The recent development of remote sensing techniques and technologies for automatic data collection and transmission from the most inaccessible areas of Antarctica is greatly improving our knowledge of climate in the interior of the continent. Although much remains to be understood about the geological history, advances in geophysical techniques have allowed researchers to outline the sub-ice topography of Antarctica and reconstruct its evolution, which is linked to the amalgamation and break-up of Gondwanaland and earlier continents. The stable shield of East Antarctica is formed by a complex of Pre-cambrian cratons overlain by sedimentary rocks (Beacon Supergroup) and intruded by basaltic rocks of the Ferrar Group. West Antarctica was formed by the aggregation of several microcontinents sharing a common geological history with South America. For the purposes of this book, one of the most important features of Antarctica is its location in an expanding lithospheric plate which has been in a quite stable position with respect to the South Pole during the last 100 Ma. This means that climatic and environmental changes in this period mainly reflect global changes.

Antarctica's potential to yield mineral, coal and hydrocarbon resources such as those found in rocks of formerly contiguous continents has been the subject of much speculation in the past. Although the presence of exploitable mineral and hydrocarbon deposits is very probable, their location is largely unknown. In any case, exploitation is prohibited, at least for the near future,by a moratorium (to protect the environment) and by the severity of environmental conditions.

The dynamics of the atmosphere and oceans in the Southern Hemisphere are driven by temperatures in Antarctica, which redistribute the polar cold to lower latitudes, and replace it with warmth. A small increase in temperatures at high latitudes may be amplified by ice-albedo feedback mechanisms, with significant repercussions on the global climate system. The subsidence of cold polar air and Coriolis deflection produce an intense, clockwise polar vortex in winter, which is accompanied by high-pressure systems at the South Pole and the circumpolar flow of strong westerly winds. This vortex play an important role in the destruction of stratospheric ozone; when it disappears in the spring, there is an enhanced influx of warm, moist air masses from higher latitudes bearing persistent pollutants.

Almost all precipitation in the continent falls as snow, and East Antarctica is the largest cold desert in the world because most areas receive less than 250 mm (water equivalent) per year of snow.
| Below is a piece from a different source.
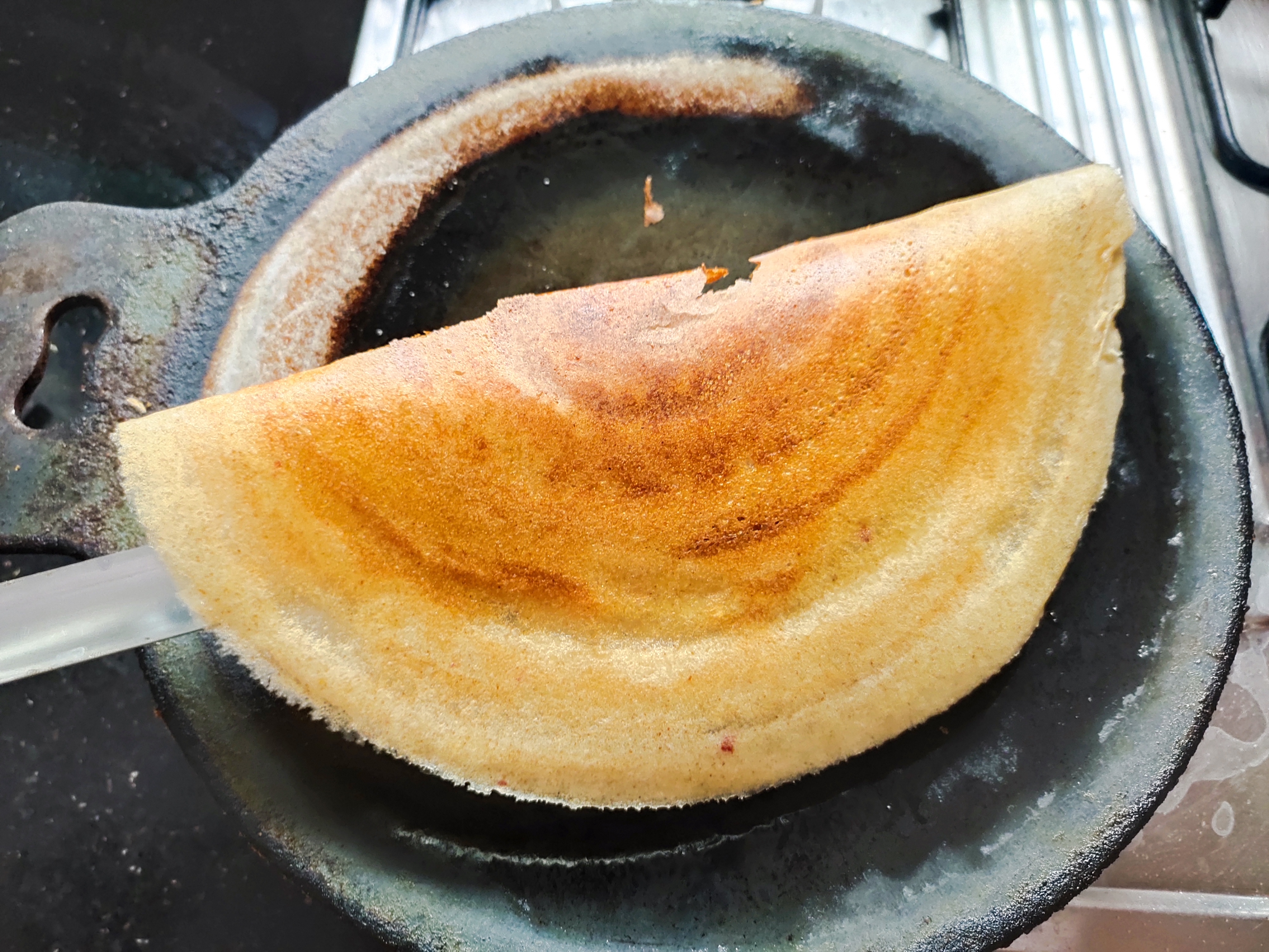 When it is golden & crispy, take the dosa with spatula by folding it.

Although characterised by large inter-annual variability, atmospheric precipitation is much higher (up to 800 mm water equivalent) in coastal areas of West Antarctica. Under the present climatic conditions, the accumulation of snow and ice on the continent seems to roughly compensate iceberg calving and basal melting of ice shelves. Furthermore, satellite monitoring of sea-ice extent and variability in the Southern Ocean during the last 25 years has revealed no general trends. However, these conditions of relative equilibrium are expected to be significantly affected by global warming. The most recent trends in records and projections of models on global climate change indicate that the climate of Antarctica will become wetter and warmer in the 21st century.

The potential contribution of Antarctic ice sheets to the increase in global sea levels has caused general concern and interest in how the Antarctic climate may respond to increasing concentrations in greenhouse gases and other emissions produced by human activity. While some zones, such as the west coast of the Antarctic Peninsula, are already showing one of the largest warming trends in the world, East Antarctica is one of the few regions in the Southern Hemisphere experiencing a quite cold phase. Antarctic ice sheets, even those of West Antarctica (which were the most dynamic Antarctic ice sheets in the recent geological past and are grounded below sea level), are expected to scarcely contribute to global sea-level changes in the 21st century.

Although connections between the Antarctic climate, ENSO events and global atmospheric processes are only beginning to be investigated, it is now widely acknowledged that the enhanced accumulation of snow in Antarctica will contribute to a positive mass balance of Antarctic ice sheets, with a negative contribution to sea-level rise in the near future. In the longer term, the warming of waters in the Southern Hemisphere and changes to circulation will probably trigger processes which could last for millennia, long after greenhouse gas emissions have stabilised. These processes will cause basal melting of ice shelves and progressive, irreversible impacts on ice sheets, especially those of West Antarctica. The possible consequences of these long-term changes in global climate and sea levels are such that research on the Antarctic climate and its teleconnections with climate and environmental changes in the Southern Hemisphere and the rest of the world is a major priority for the 21st century.